Question

If α and β are zeroes of the polynomial p(x)= x^2 + mx + n, then a polynomial whose zeroes are 1/apha , 1/beta is given by​

Answer 1

$\rm\Huge\underline{\text{Method 1}}$

$\rm\large\underline{\text{Substitution}}$

→ If the roots of the equation $\rm p(x)=0$ are $\rm x=\alpha,\beta$,  the roots of another equation are the reciprocals, $\rm x=\dfrac{1}{\alpha},\dfrac{1}{\beta}$.

$\rm\cdots\longrightarrow p(\dfrac{1}{x})=n+\dfrac{m}{x}+\dfrac{1}{x^2}$

$\rm\cdots\longrightarrow x^2p(\dfrac{1}{x})=nx^2+mx+1$

(As $\rm\dfrac{1}{\alpha},\dfrac{1}{\beta}$ are numbers, the first equation does not have $\rm x=0$ as a root, as well as the second equation.)

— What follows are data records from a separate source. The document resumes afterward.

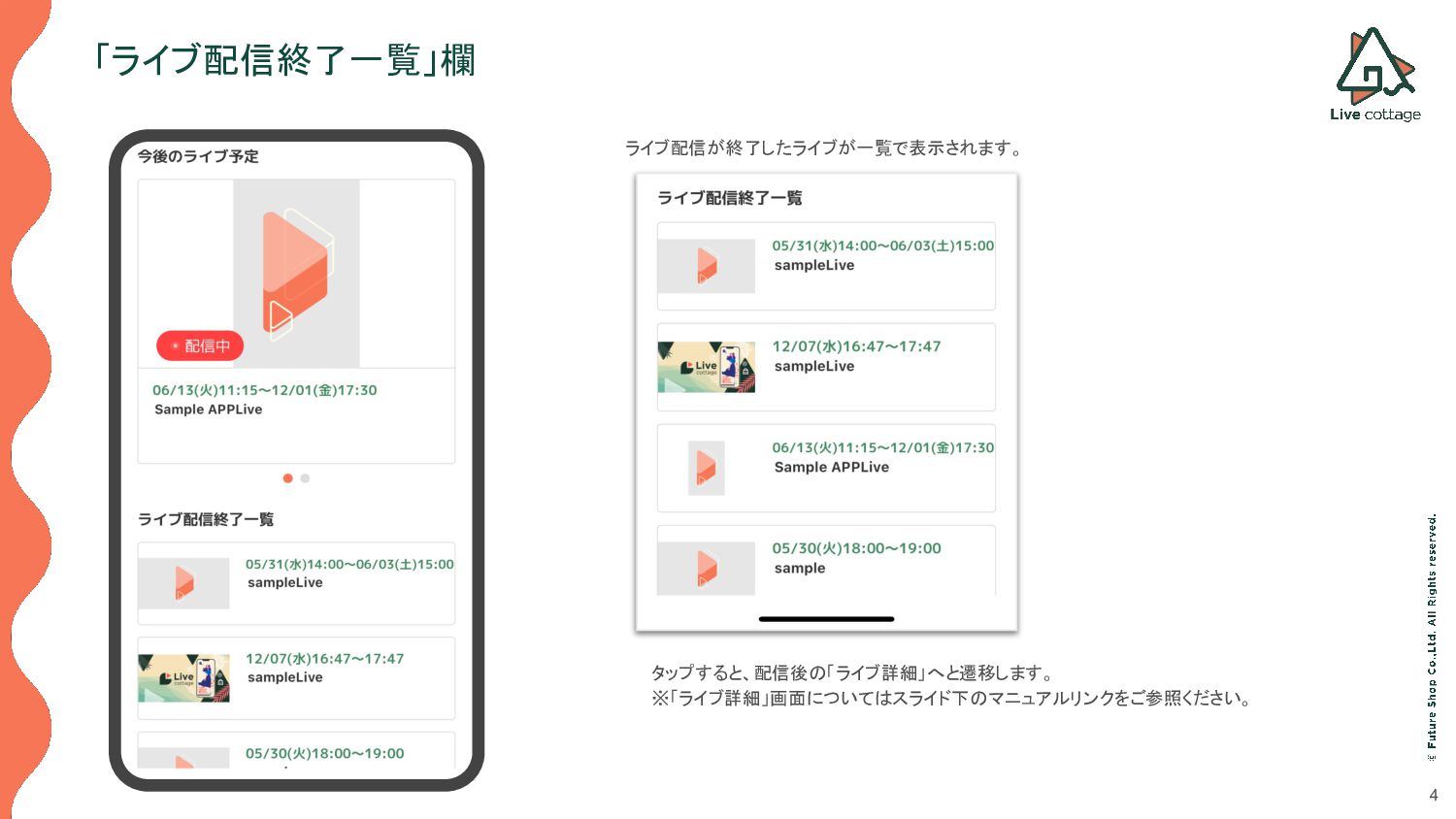 4 「ライブ配信終了一覧」欄 ライブ配信が終了したライブが一覧で表示されます。 タップすると、配信後の「ライブ詳細」へと遷移します。 ※「ライブ詳細」画面についてはスライド下のマニュアルリンクをご参照ください。
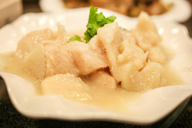 猪口赚拼翡翠豆腐:猪口赚即猪舌,文成方言“舌”近“蚀”,不吉利,民间将之改为“赚”。猪口赚经秘汤卤制,再现了文成乡村风味。悲翠豆腐由植物汁液酿制,色碧绿,有植物清香,入口柔滑。
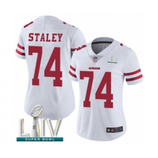 >Women's San Francisco 49ers #74 Joe Staley White Vapor Untouchable Limited Player Super Bowl LIV Bound Football Jersey
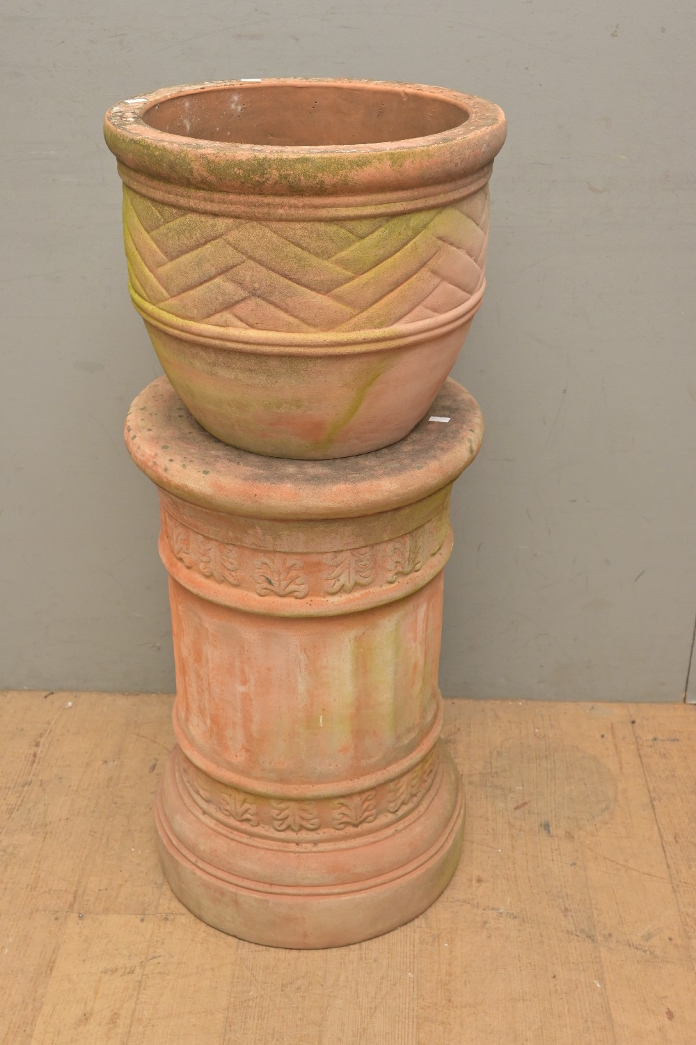 A TERRACOTTA PEDESTAL AND PLANTER (A/F) (95H X 35D CM) (PLEASE NOTE THIS HEAVY ITEM MUST BE REMOVED BY CARRIERS AT THE CUSTOMER'S EXPENSE. LEONARD JOEL STAFF CANNOT ASSIST CARRYING THIS ITEM) (X-LARGE ITEM)

Hence $\rm nx^2+mx+1=0$ is the answer.

$\rm\Huge\underline{\text{Method 2}}$

$\rm\large\underline{\text{Relation between roots and coefficients}}$

→ Also called the Vieta's formula, the sum and product of roots in an equation is decided by,

$\rm\cdots\longrightarrow\red{\boxed{\text{(Sum)}=-\dfrac{\text{(Second-highest degree coefficient)}}{\text{(Leading coefficient)}}}}$

$\rm\cdots\longrightarrow\red{\boxed{\text{(Product)}=\dfrac{\text{(Constant term)}}{\text{(Leading coefficient)}}}}$

In a quadratic equation, $\rm ax^2+bx+c=0$, that is, for two roots $x=\alpha,\beta$,

$\rm\cdots\longrightarrow\red{\boxed{\alpha+\beta=-\dfrac{\text{b}}{\text{a}}}}$

$\rm\cdots\longrightarrow\red{\boxed{\alpha\beta=\dfrac{\text{c}}{\text{a}}}}$

Let's find the sum and product of roots.

$\rm\cdots\longrightarrow \alpha+\beta=-m$

$\rm\cdots\longrightarrow \alpha\beta=n$

Accordingly, the sum and the product of reciprocals are,

$\rm\cdots\longrightarrow \dfrac{1}{\alpha}+\dfrac{1}{\beta}=\dfrac{\alpha+\beta}{\alpha\beta}=-\dfrac{m}{n}$

$\rm\cdots\longrightarrow \dfrac{1}{\alpha\beta}=\dfrac{1}{n}$

Consequently, the equation with two roots of above is,

$\rm\cdots\longrightarrow x^2+\dfrac{m}{n}x+\dfrac{1}{n}=0$

$\rm\cdots\longrightarrow nx^2+mx+1=0$

Hence $\rm nx^2+mx+1=0$ is the answer.